▶ _Task prompt_: For the records below, please print exactly and only the lines from the one with "Là on est posés" down to the one with "Hingga peluit panjang", both ends included, omitting the pictures.
*** Opening Given data ***
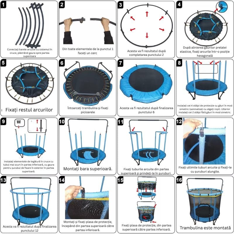 Pachetul include toate componentele necesare si un ghid ilustrat pas cu pas. Instalarea trambulinei este simpla si nu necesita unelte speciale sau abilitati tehnice avansate.
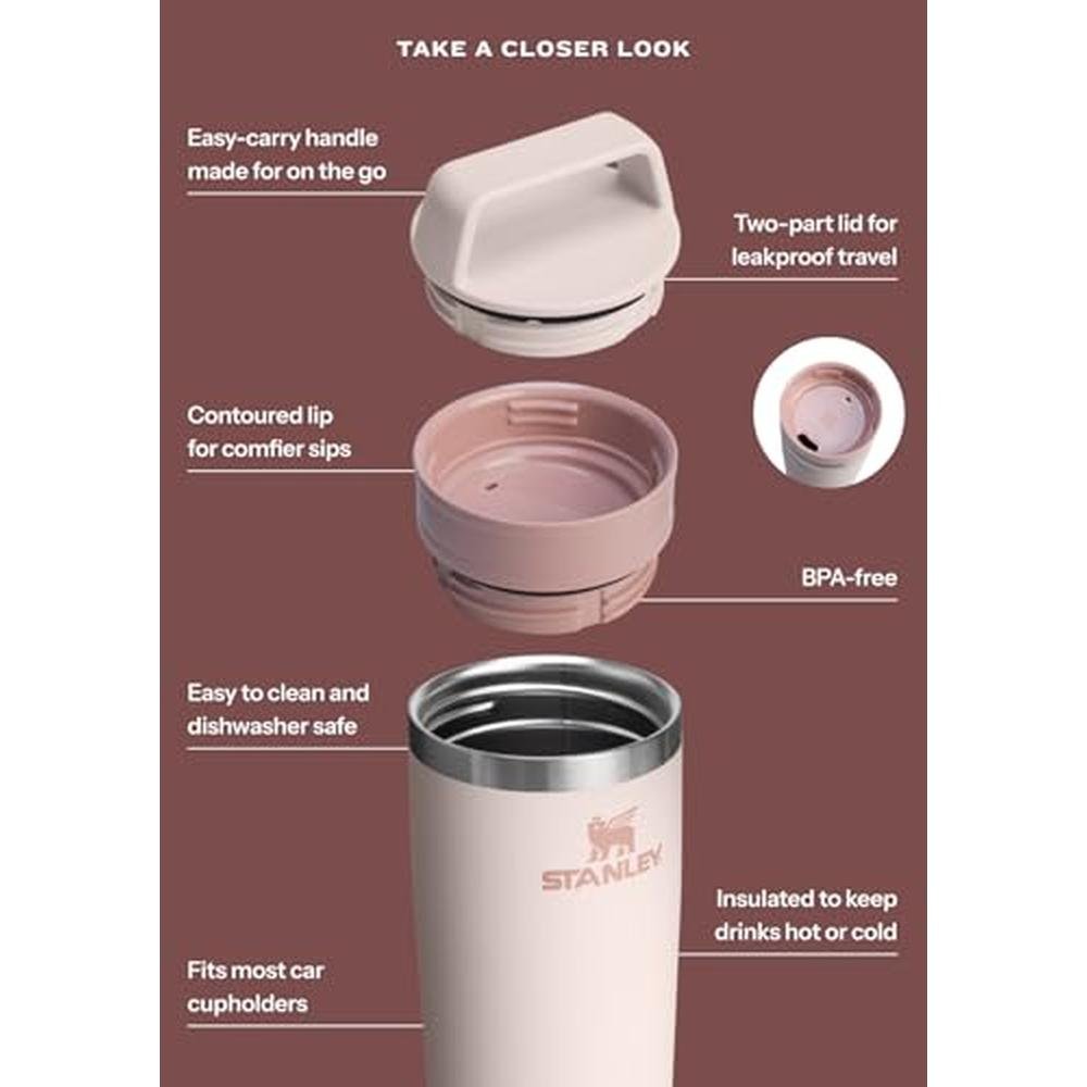 STANLEY Cafe To Go Travel Mug 16 oz | Leakproof Two-Part Drink Through Lid | Tumbler Cup for Coffee, Tea and Drinks | Insulated Stainless Steel Coffee Mug | BPA-Free | Frost
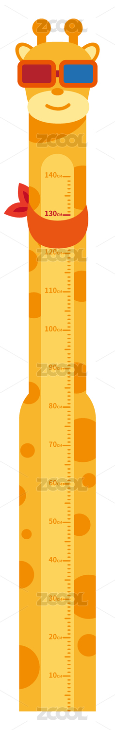 侧面长颈鹿卡通风格身高尺元素
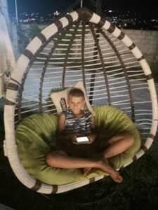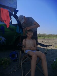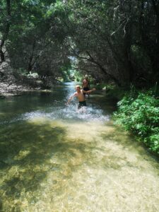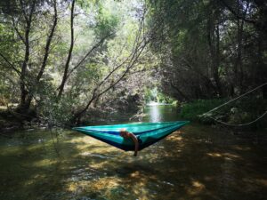 Là on est posés au bord de la rivière pour l’après-midi. Elle est fraiche, ça fait tellement de bien de s’y tremper car il fait à nouveau 37 degrés. David installe un hamac au-dessus de l’eau qui se transforme rapidement en balançoire pour Samuel.
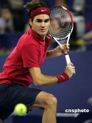 11月16日,在2007年上海大師杯單打紅組最后一輪比賽中,費德勒以6-4/6-2擊敗羅迪克,以小組第一挺進(jìn)四強,費德勒在半決賽中將對陣納達(dá)爾。中新社發(fā) 湯彥俊 攝
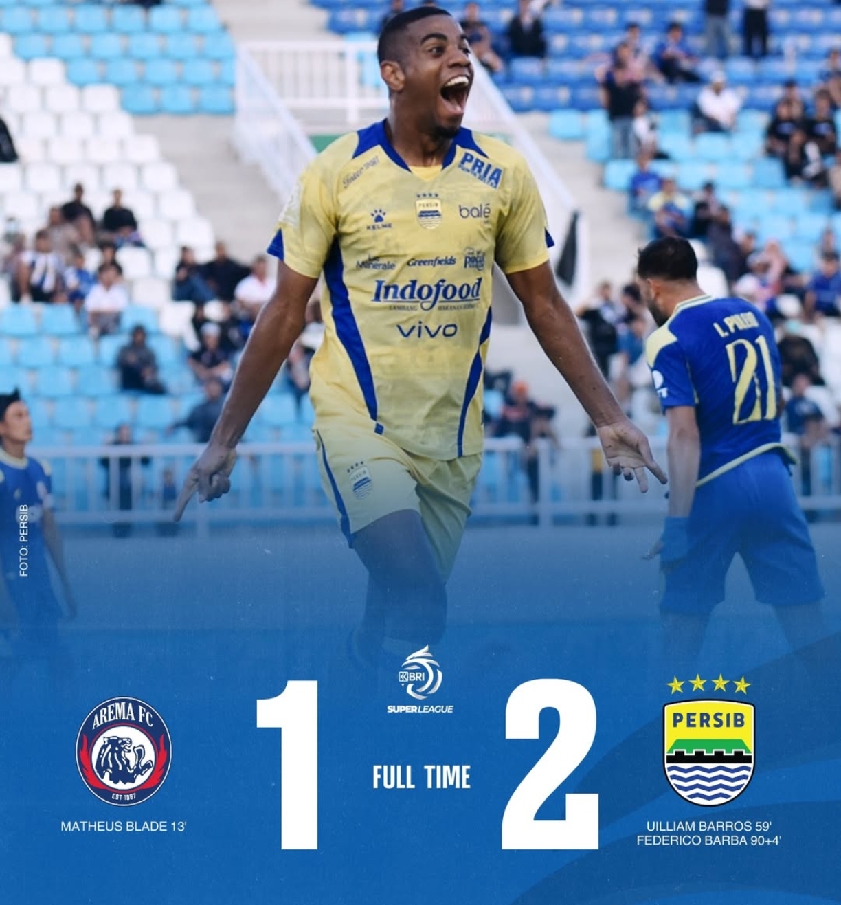 Hingga peluit panjang berbunyi, skor tidak berubah. Kemenangan dramatis ini membawa Persib naik ke posisi keempat klasemen sementara dengan koleksi 10 poin. Sementara itu, kekalahan ini menahan Arema FC di posisi kedelapan dengan 8 poin. [■]
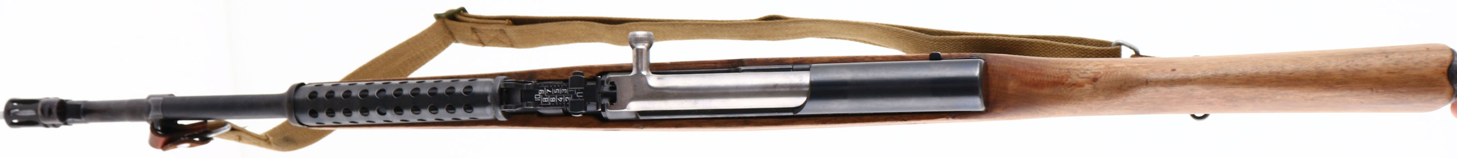 Chinese (Factory 26), Model: Type 56 SKS Paratrooper, Cal: 7.62x39mm, MFG: 1964, S/N: 9128686, Semi-Auto Rifle, 16 1/2'' Barrel, The Original Semi Pistol grip Wood stock is good with light dings, nicks & scratches, stock appears to have been lightly sanded, polymer pistol grip has been added and has extra steel ventilated handguard, S/N is marked on the right side of the stock, left side of stock is marked ''26'' near rear sling swivel & has Chinese lettering cartouche above the trigger, the original wooden handguard has been replaced with a metal ''cheese grater'' style of handguard. The Metal finish rates 90% Overall with spots of thinned bluing, Left side of receiver is marked with Factory 26 code, three Chinese characters that translate to ''TYPE 56 CARBINE'', S/N & importer marks, left & right side of barrel have proof marks. Bore is excellent, shiny with proud rifling. Hooded Front Post, U-Notch tangent rear sight marked 1 to 10, Metal Trapdoor buttplate, Comes with Cleaning kit inside buttstock, canvas sling, four polymer pro mag 10rd magazines, missing Folding bayonet & missing cleaning rod, Rear bottom sling mount, front side mounted sling bar, flash hider is crooked & we recommend getting it fixed or remove it before shooting. FFL Or C&R Req. - Value: 300 to 600
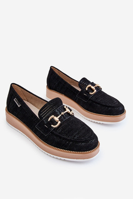 Damskie Półbuty Zamszowe Z Ozdobą Czarne Leeza
*** Closing Given data ***
▶ _Solution to the exercise_:
 Là on est posés au bord de la rivière pour l’après-midi. Elle est fraiche, ça fait tellement de bien de s’y tremper car il fait à nouveau 37 degrés. David installe un hamac au-dessus de l’eau qui se transforme rapidement en balançoire pour Samuel.
 11月16日,在2007年上海大師杯單打紅組最后一輪比賽中,費德勒以6-4/6-2擊敗羅迪克,以小組第一挺進(jìn)四強,費德勒在半決賽中將對陣納達(dá)爾。中新社發(fā) 湯彥俊 攝
 Hingga peluit panjang berbunyi, skor tidak berubah. Kemenangan dramatis ini membawa Persib naik ke posisi keempat klasemen sementara dengan koleksi 10 poin. Sementara itu, kekalahan ini menahan Arema FC di posisi kedelapan dengan 8 poin. [■]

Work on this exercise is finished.